Yep, I agree with everything Miss MJ said. To be frank, you’re lucky his kids don’t actively hate you – or, at least, it’s not communicated to you that they hate you – after their father left them for you. How can you not see it from their perspective? Their dad met you while still married to their mom and living with all of them and within months, he left them and moved in with you (during a 6-month time period when kids couldn’t even go to school, somehow their dad managed to meet someone, fall in love, and blow up his family’s life; almost impressive). They deserve allll the time they need to process your existence and your role in the upheaval of their lives. If you need their acceptance of you in order to feel your boyfriend’s commitment to you, maybe you shouldn’t have moved in with him until you could get that. Same with the friends (especially if they are also friends with your boyfriend’s ex-wife, whom he left for you).
Perhaps I misunderstood your letter and your boyfriend’s marriage was already over before he met you and he had already moved out, but reading between the lines, it doesn’t seem that that’s the case. Please correct me if I’m wrong. Though my advice was essentially be the same: let the kids have all the time they need to be ok with meeting you. Pushing this before they’re ready will backfire.LMGuest
Hi , I am responding back about “Don”. His marriage was already over and his ex told him to move out.
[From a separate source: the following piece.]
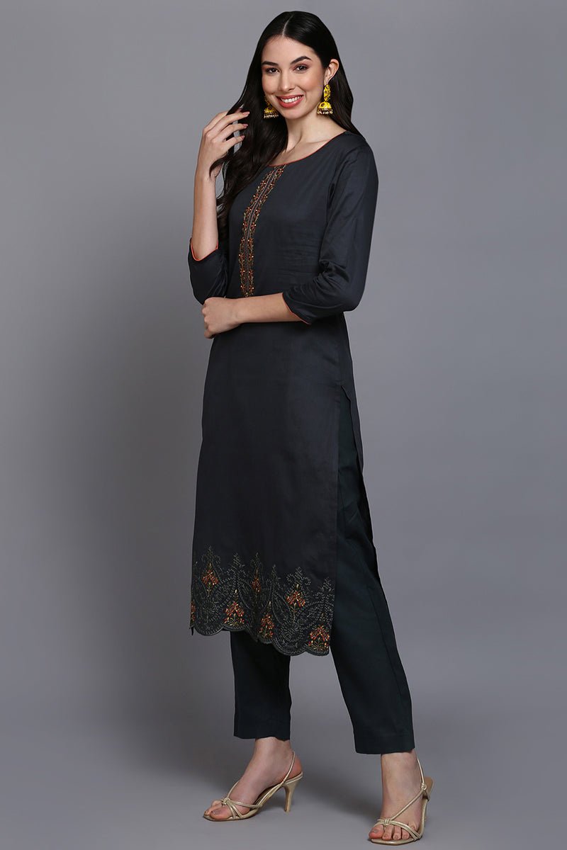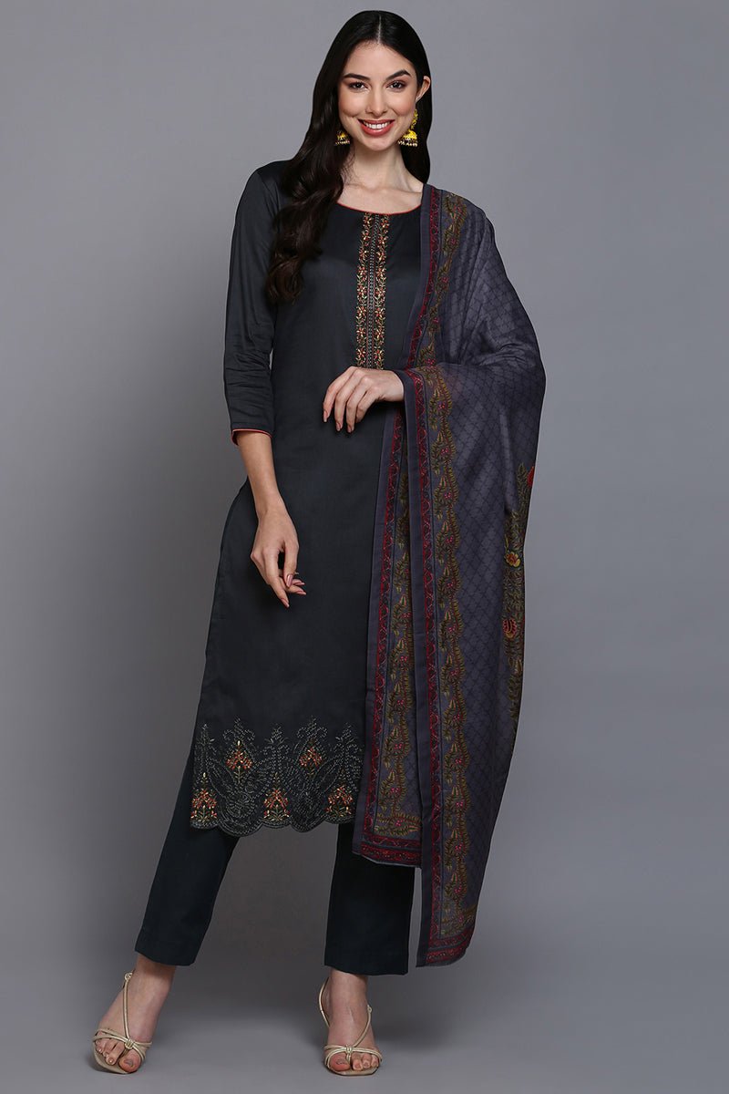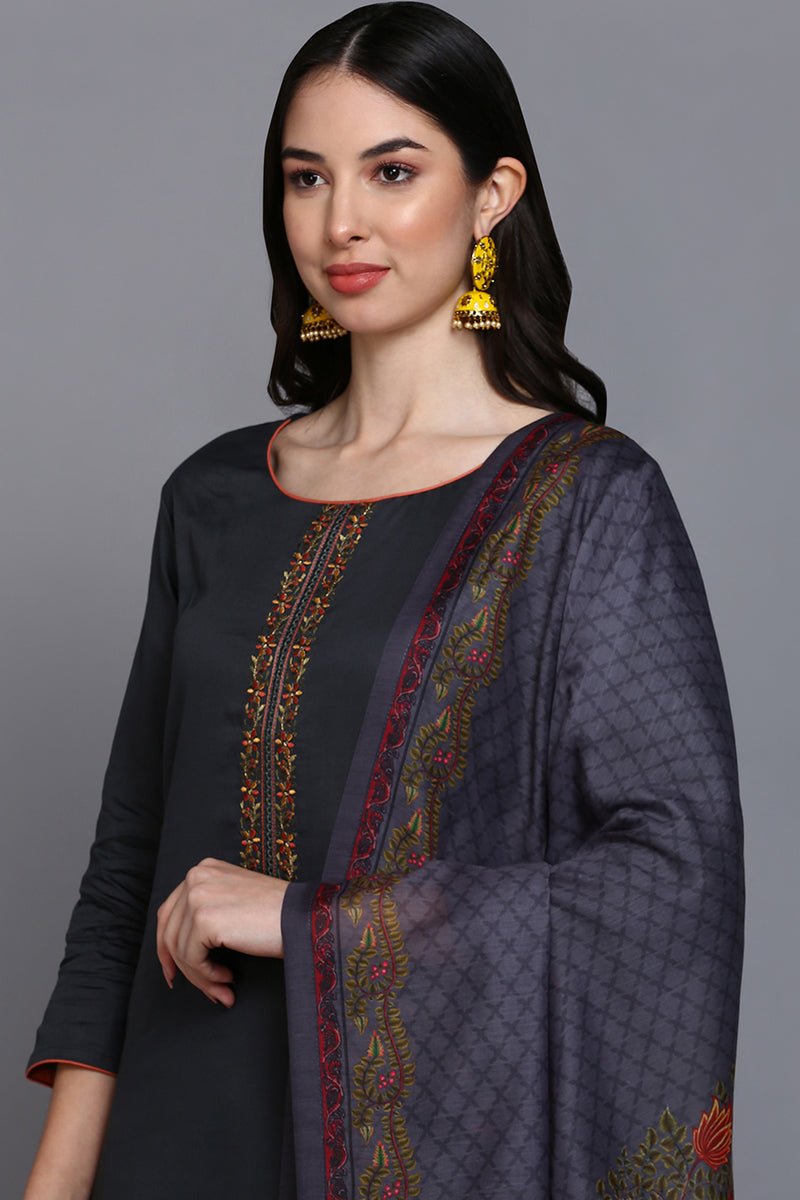 Cotton Grey Embroidered Straight Kurti Pant With Dupatta

He was in process of looking for an apartment,,,, then the COVID hit. So he stayed with them. We met through match.com. I was living with my sister at that time after the divorce . After few months, I had to find a place of my own as my one year with my sister was up. “ Don” told me that we should live together and look for a place together. So I agreed. It was all his idea ,,, I had nothing to do with it or break up his family. I have been very patient with him and his kids. No anger just being concerned . Good news!!! He told me last weekend, his ex told Don that he can have the kids for two weeks for vacation and gave permission for kids to meet me!!! It is finally happening now. We are thrilled!